Why was it so disastrous?
A careful analysis shows the problem isn’t technical, but mindset:
Issue 1: Solving the wrong problem
Small and micro businesses don’t need “better copy,” they need “more customers.” The difference is huge. After talking to actual users, it turns out—they’re too busy, don’t trust AI’s brand tone, and would rather pay 50 bucks for a neighbor kid to help.
Why would customers pay 29 bucks for your tool when ChatGPT Plus costs 20 bucks and is much more powerful? The only selling point was “easier to use than ChatGPT,” but even 10% easier isn’t worth paying 45% more.

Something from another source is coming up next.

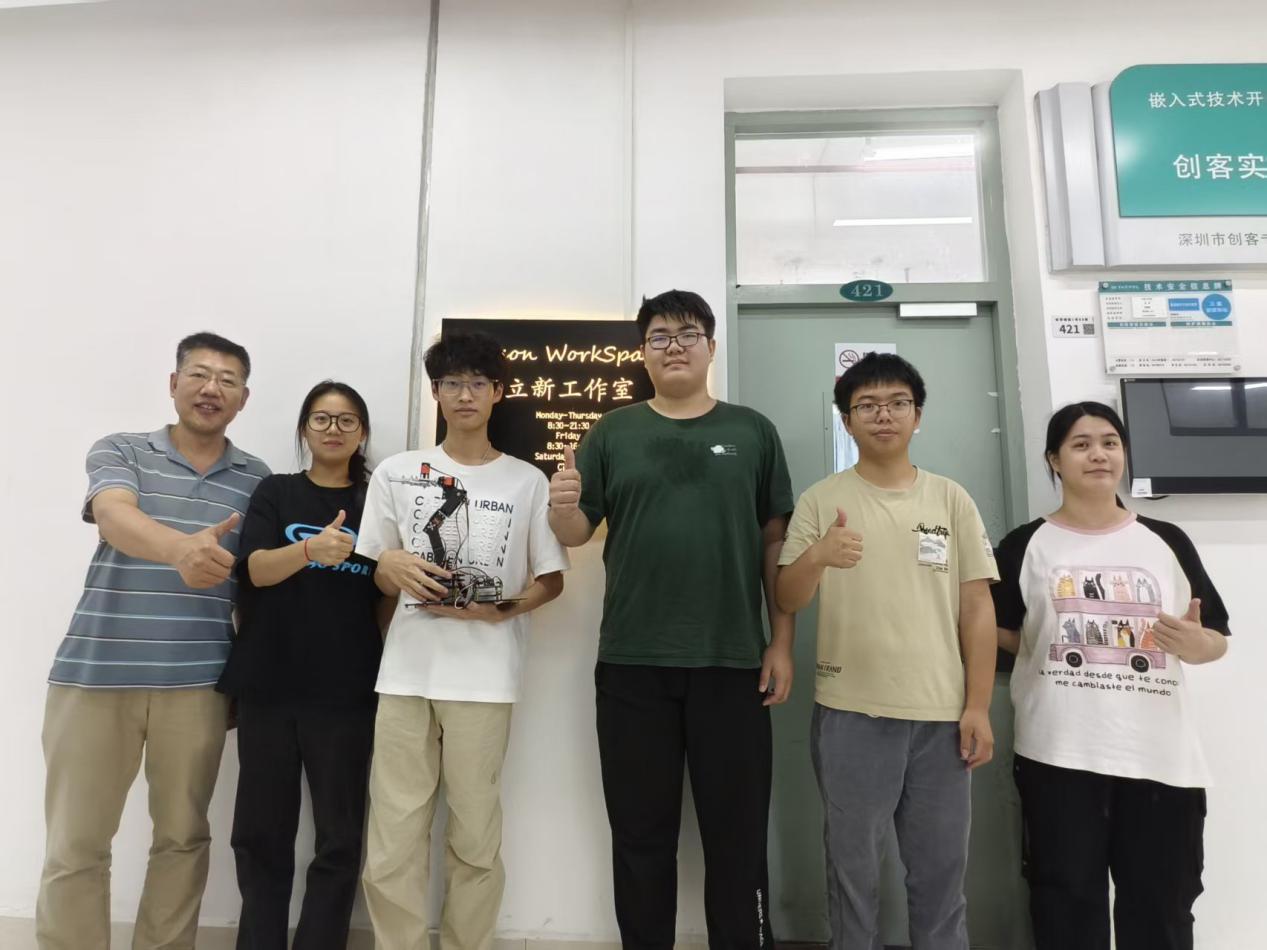 为突破瓶颈,他们主动申请加入学校嵌入式开发团队——立新工作室,而学校不仅敞开实验室大门,更配备了两位具有企业实战背景的资深指导老师——华为出身的陈老师深耕通信与电子电路前沿技术,持续为团队引入行业信息、共同攻克技术难题;具有发明专利和项目开发经验的夏老师,凭借自身多年一线实战经验,手把手指导团队撰写与申请专利文件,让技术成果顺利转化为知识产权,支撑团队长远发展。正是在学校实验室的日夜钻研中,团队的技术能力实现了质的飞跃。
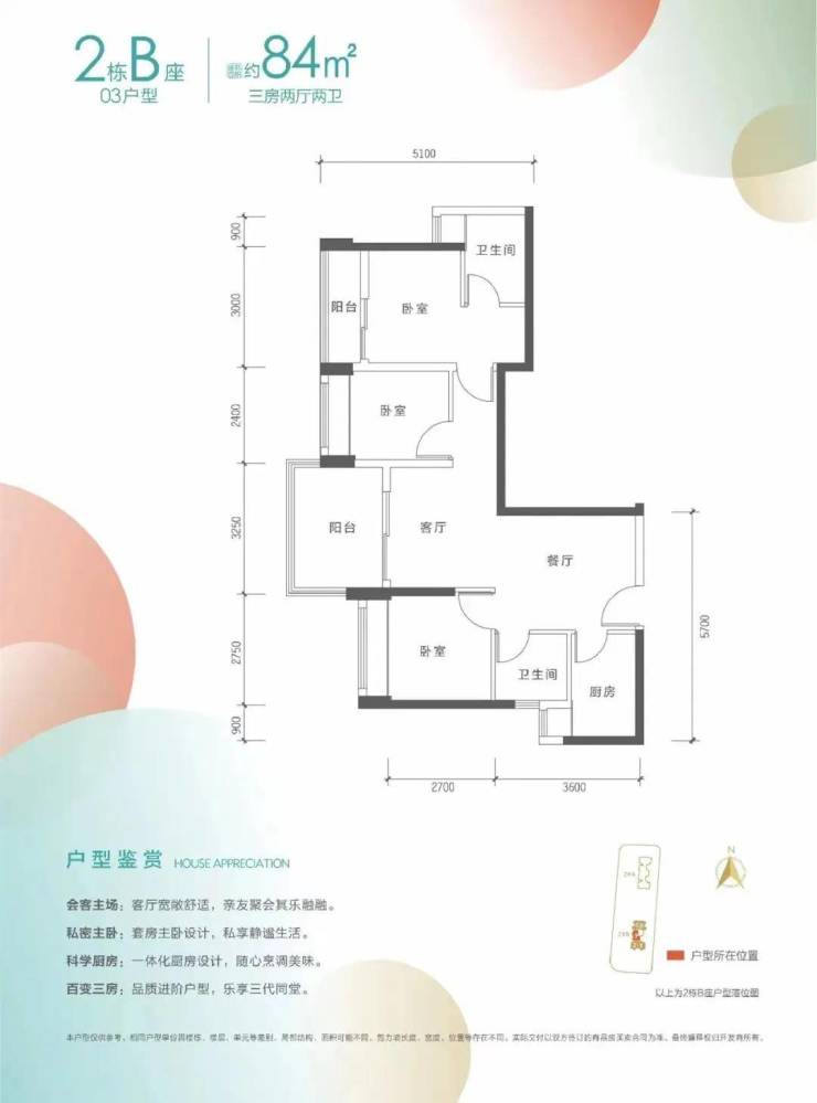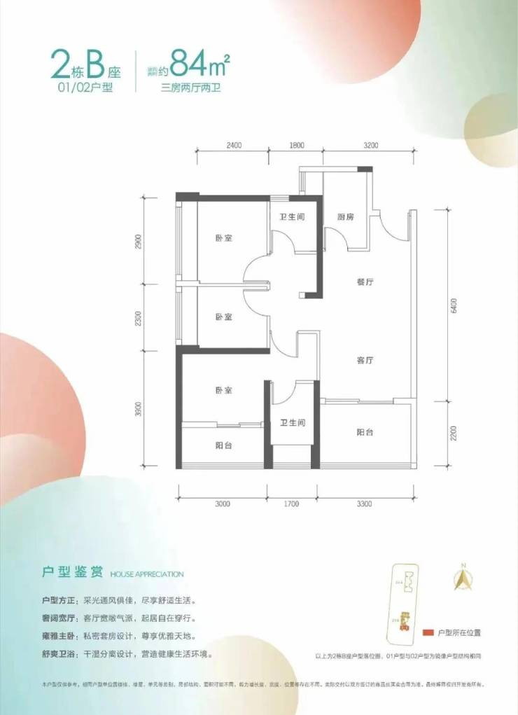 84㎡的3房2厅2卫,2栋B座01.02户型,设计的是竖厅格局,客厅3.3米开间,LDKB一体化,3个卧室分别做到了3米/2.9米/2.3米的宽度,客厅主卧双阳台设计,L型厨房,公卫三段式分离,得房率:76.04%(不含赠送),阳台朝南向,看楼岗大道。

Issue 3: Ignoring sales and marketing
In 14 months of development, only 4 months were spent on marketing. The reality should be the opposite: 4 months to develop, 14 months to market. This reflects a common developer misconception—“If we build a good product, customers will come”—which is the most naive idea.
Issue 4: Customer acquisition cost vs. customer lifetime value
Customer acquisition cost is 650 TWD (8000 TWD marketing ÷ 12 customers), with each customer contributing an average of 28 TWD (most churn after a month). This clearly shows the business model itself is flawed.
Issue 5: Building for oneself, not for customers
Designing products based on assumptions about small businesses without actual research. Customers don’t care how beautiful the UI is; they just want to know “Will this help me make money?”
The true stratification of the AI startup ecosystem
Over these 18 months, talking to many “AI entrepreneurs,” a clear stratification emerged:
Top 5%: True success stories
Have deep industry expertise before entering
Solve specific real-world problems
Target B2B with corporate budgets
Examples: radiology AI diagnosis, legal document review, financial compliance tools
Next 15%: Lifestyle entrepreneurs
Simply package OpenAI API
Serve highly niche vertical markets
Monthly income 5,000–20,000
Examples: dentist AI email replies, job description generators
Next 30%: Strugglers
Have flashy tech demos
Cannot find paying users
Burning through savings or investor funds
The original entrepreneur is in this layer
Bottom 50%: Dreamers
Dream of beating Google
Fundraise with PPT
Fail within two years
The real scalable model for AI business
After talking with successful entrepreneurs in the first two layers, some patterns emerged:
Pattern 1: Choose “boring” industries
The hottest AI companies attract all attention and funding, but plumbers also need software—this space has much less competition.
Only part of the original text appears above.